Description of the task: If pictures appear, leave them out, and return exactly the lines from the one holding "在团干述职环节,团长赵一鸥回" through the last line of the listing below.

Data:
★ ★ ★
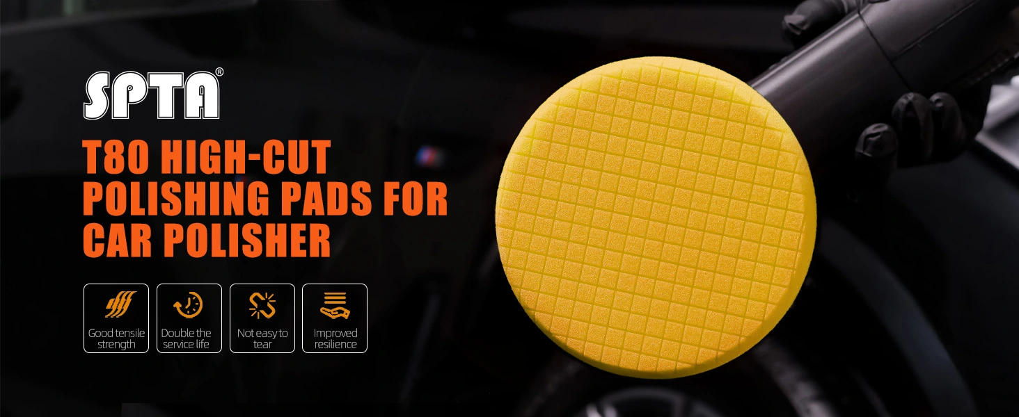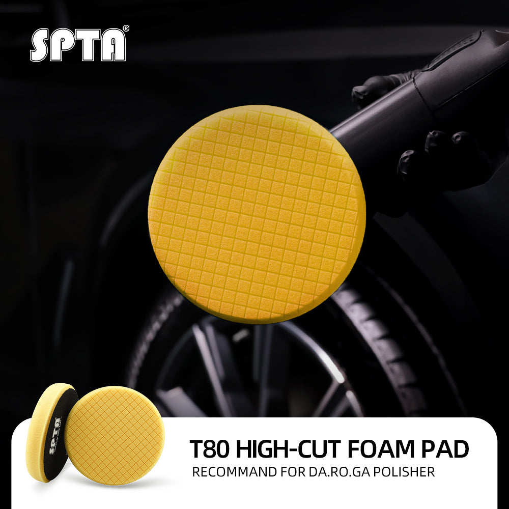 [Function]  T80 High-Cut Foam Pad Is Intensive Cutting Swirl-Free Polishing Pad ,It's Remove 1500/2000# Sanding Disc Marks, Swirl Marks & Heavy / Medium Oxidation,Can Work with SPTA Heavy Cut Polishing Compound and Medium Cut Polishing Compound. Ideal For RO,DA And GA Car Polisher
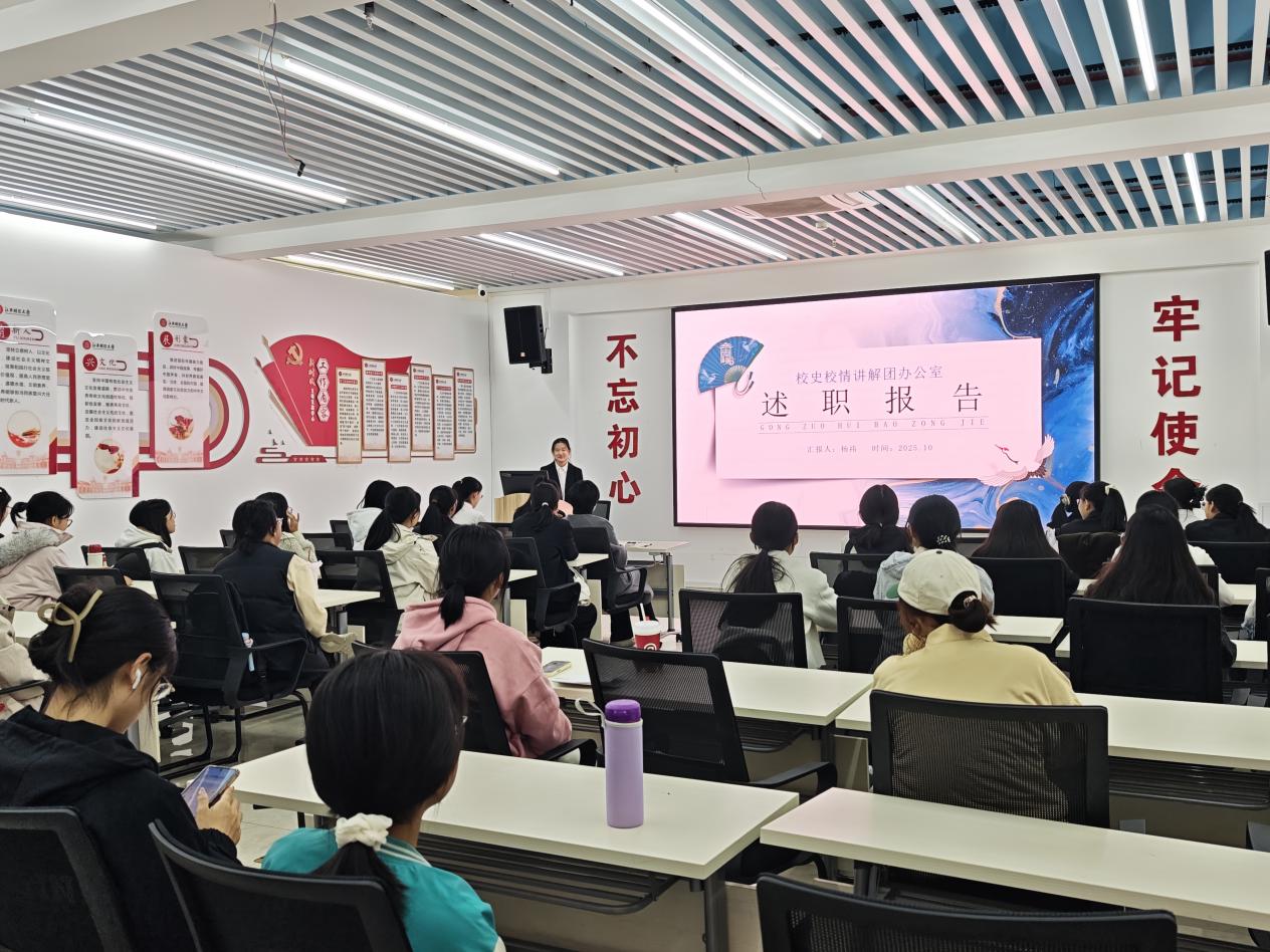 在团干述职环节,团长赵一鸥回顾了过去一年中讲解团开展的各项活动,她以“山山难越山山越,川川无路舟自渡”勉励全体成员继续前行。讲解部部长张婧雨、办公室部长杨祎、宣传部部长朱明雪分别就各部门工作进行了总结与展望,分享了管理经验与成长感悟,并提出了未来工作的改进方向与创新思路。
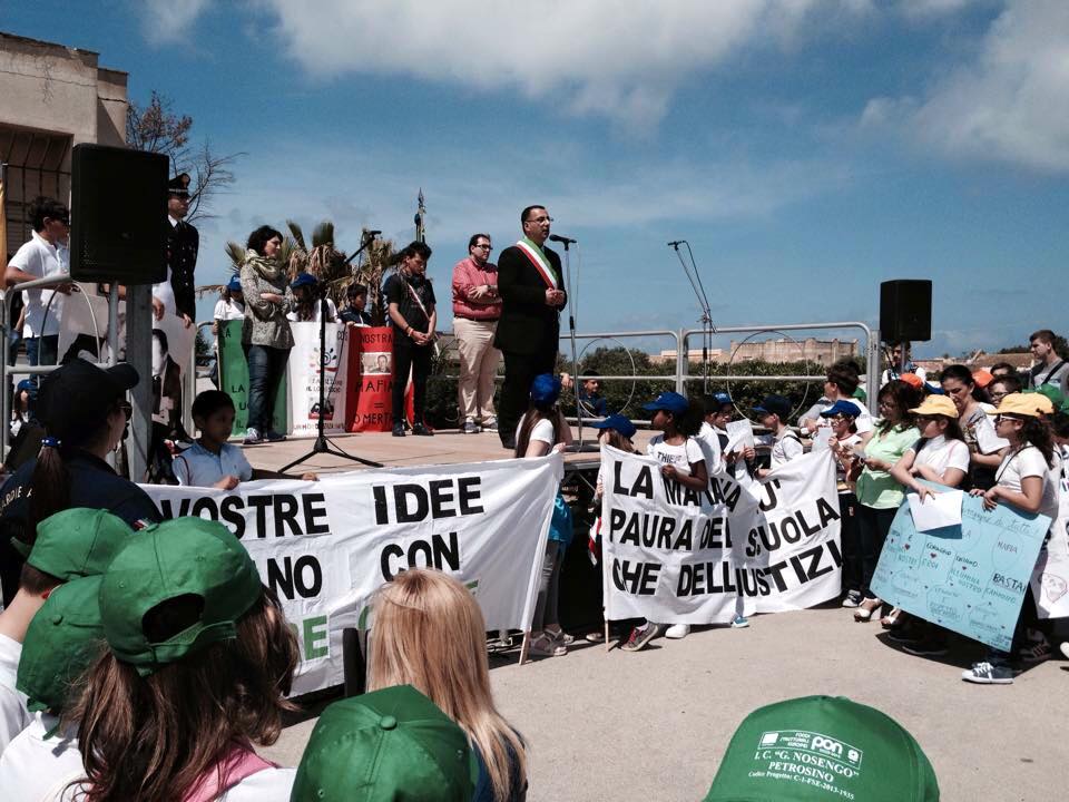 Grande partecipazione pubblica questa mattina al 2° Corteo della Legalità di Petrosino che ha visto coinvolti gli studenti dell’istituto comprensivo “Gesualdo Nosengo” e dell’Istituto Tecnico per Gemetri “Vincenzo Accardi”. Un corteo che, assieme al sindaco Giacalone, alla giunta municipale, i docenti, le autorità civili e militari, e al giudice Annalisa Amato, è iniziato dalla scuola media Nosengo, e lungo le vie cittadine ha voluto ricordare chi come Giovanni Falcone, Paolo Borsellino e le tante vittime della mafia, hanno lottato contro l’illegalità, la prevaricazione, l’arroganza e il non rispetto delle regole, semplicemente facendo bene il proprio lavoro e il proprio dovere. Con questa manifestazione, la cui organizzazione si deve al lavoro del preside dell’Istituto Nosengo, Giuseppe Inglese, si ribadisce ancora una volta il messaggio che dalla scuola, dall’educazione alla cultura della legalità dei nostri studenti, deve partire quel segnale forte di vero cambiamento della nostra società.
★ ★ ★
Written answer:
 在团干述职环节,团长赵一鸥回顾了过去一年中讲解团开展的各项活动,她以“山山难越山山越,川川无路舟自渡”勉励全体成员继续前行。讲解部部长张婧雨、办公室部长杨祎、宣传部部长朱明雪分别就各部门工作进行了总结与展望,分享了管理经验与成长感悟,并提出了未来工作的改进方向与创新思路。
 Grande partecipazione pubblica questa mattina al 2° Corteo della Legalità di Petrosino che ha visto coinvolti gli studenti dell’istituto comprensivo “Gesualdo Nosengo” e dell’Istituto Tecnico per Gemetri “Vincenzo Accardi”. Un corteo che, assieme al sindaco Giacalone, alla giunta municipale, i docenti, le autorità civili e militari, e al giudice Annalisa Amato, è iniziato dalla scuola media Nosengo, e lungo le vie cittadine ha voluto ricordare chi come Giovanni Falcone, Paolo Borsellino e le tante vittime della mafia, hanno lottato contro l’illegalità, la prevaricazione, l’arroganza e il non rispetto delle regole, semplicemente facendo bene il proprio lavoro e il proprio dovere. Con questa manifestazione, la cui organizzazione si deve al lavoro del preside dell’Istituto Nosengo, Giuseppe Inglese, si ribadisce ancora una volta il messaggio che dalla scuola, dall’educazione alla cultura della legalità dei nostri studenti, deve partire quel segnale forte di vero cambiamento della nostra società.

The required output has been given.